In particular, academic research focused on running larger models on smaller hardware has resulted in a number of techniques that have dramatically increased the accessibility of AI models. For example, lower-resolution 4-bit or 8-bit models allow consumer-grade hardware to run models that were previously only available on specialized, enterprise hardware. This trend is likely to continue, as the economic incentives for increased affordability are significant in light of the current scarcity of enterprise GPU hardware.
Separately, new research from both commercial and academic groups has pioneered the use of alternative model architectures. While these models are still in their infancy and have not yet been proven to perform or scale as well as transformer-based models like GPT, there is increasing evidence that a new generation of model architectures may remove many current limitations related to memory requirements or context windows.
The hardware landscape is also changing rapidly, as the demand for enterprise GPU hardware has dramatically outstripped supply. This has resulted in a number of new entrants into the market, as well as changing business strategy for both Nvidia and cloud vendors with existing GPU hardware. For example, Nvidia has recently announced new GPU “appliances” under their DGX/EGX/HGX lines that are bundled with software or models, allowing organizations to purchase an AI platform instead of relying on cloud vendors like Microsoft or Amazon.
Separately, hardware and cloud vendors like Intel and Google have also announced new offerings that could overturn Nvidia’s dominance in the market. For example, Google’s new TPUv4 hardware, which they are making more widely available to customers, is designed to run models like GPT-3 and GPT-4 at scale both more quickly and sustainably than Nvidia’s GPUs.

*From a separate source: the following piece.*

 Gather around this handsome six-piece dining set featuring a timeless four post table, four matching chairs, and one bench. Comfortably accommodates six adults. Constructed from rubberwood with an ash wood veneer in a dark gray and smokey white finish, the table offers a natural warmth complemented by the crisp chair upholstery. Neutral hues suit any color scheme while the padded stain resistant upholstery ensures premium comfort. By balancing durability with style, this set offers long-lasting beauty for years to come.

Likewise, Intel has recently announced that its Xeon Scalable processors can be used to train and execute large language models without relying on any other specialized hardware. Such a development could dramatically increase the accessibility of AI models, as it would allow organizations to run models on their existing hardware without needing to purchase specialized servers or scarce GPUs. Such a development could also remove current limitations like small context windows, as the memory available to CPU-based models is significantly more scalable than GPU-based models.
Over the Horizon
Given these trends, it’s clear that the world of AI is set to undergo significant changes, dramatically expanding what is possible for most law firms and legal departments. As we sail into this exciting future, it’s essential to future-proof your AI strategy.
The best way to do this is to ensure that your AI strategy is flexible and adaptable, allowing you to take advantage of new developments as they emerge. For example, if you are looking at point solutions or SaaS offerings, ensure that you have the ability to export your data or limit your subscription to a shorter term than you might otherwise. This will allow you to switch to a new solution if a better one emerges.

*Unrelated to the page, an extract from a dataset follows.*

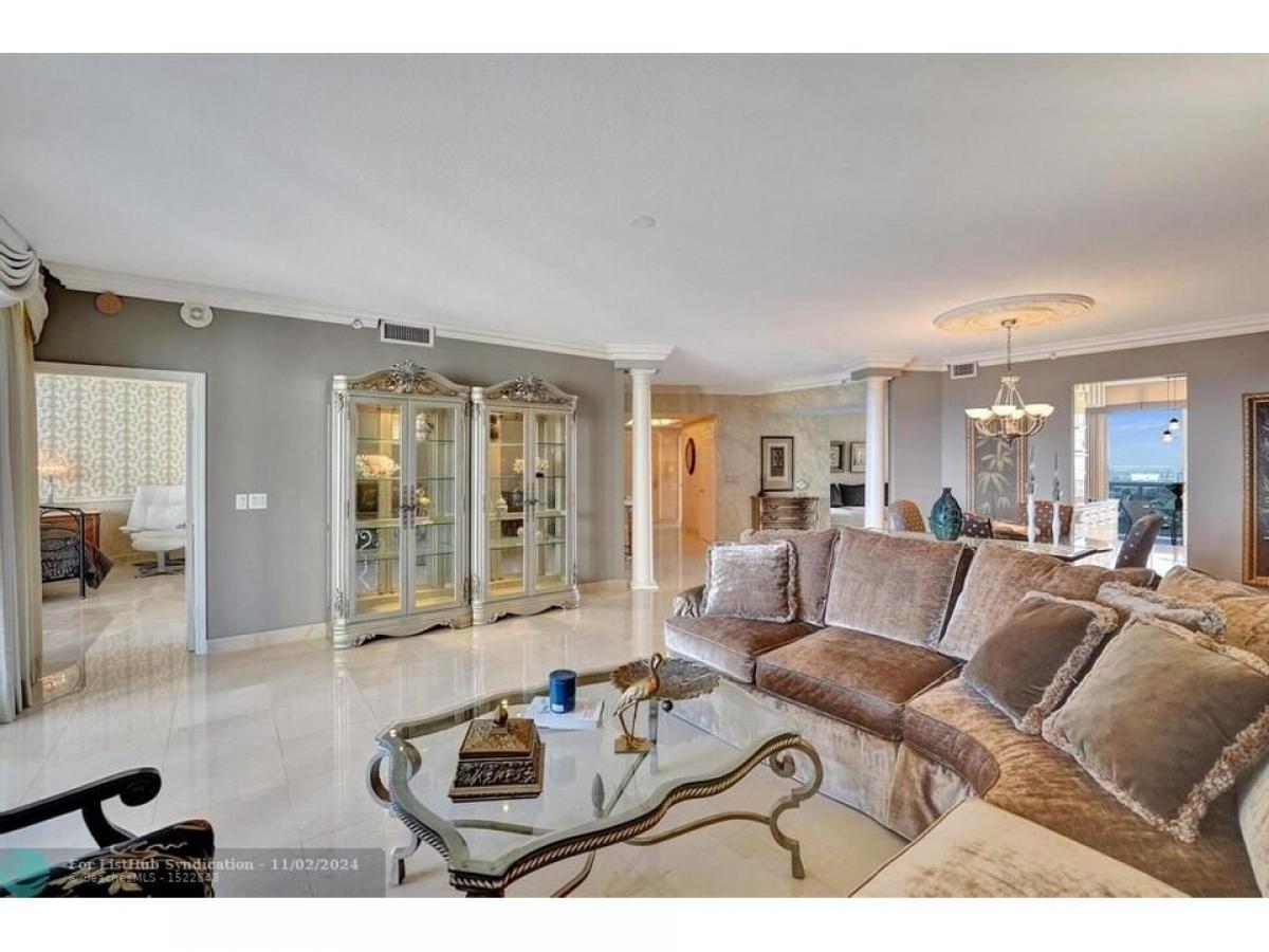 This flow-through residence offers a large open living amp; dining space with stunning direct ocean views. The primary bedroom includes a spacious bath and large walk-in closet. A second bedroom also ensuite has Intracoastal and city views. The open den can easily be converted to a 3rd bedroom. Other features include a powder room, marble floors, 9#039; ceilings and 2 expansive balconies. Nicely furnished and move-in ready or perfect to update and add your own personal touches. L#039;Hermitage sits on 10 acres of direct oceanfront with gated security, 24/7 manned lobby, a concierge amp; valet services. Two tennis courts, 2 pools, poolside cafe, fitness center, outdoor grills, and beach cabanas. Walking distance to an array of shops, restaurants, stores, banks, pharmacies amp; more!

Organizations with the desire to truly control their future can also consider investing in their own AI platform like our Kelvin Legal Data OS. Platforms like Kelvin allow organizations to have the best of both worlds so that they can rapidly leverage AI while also retaining the ability to adapt to new developments as they emerge.
As with any voyage, the key to success is to be prepared to adapt to the changing conditions you will inevitably encounter. By focusing on flexible, scalable solutions and avoiding long-term lock-in, organizations can ensure that they are well-positioned to take advantage of the opportunities that AI offers. Given the pace of change in the AI today, this is the best way to ensure that your organization is ready for the bright future ahead.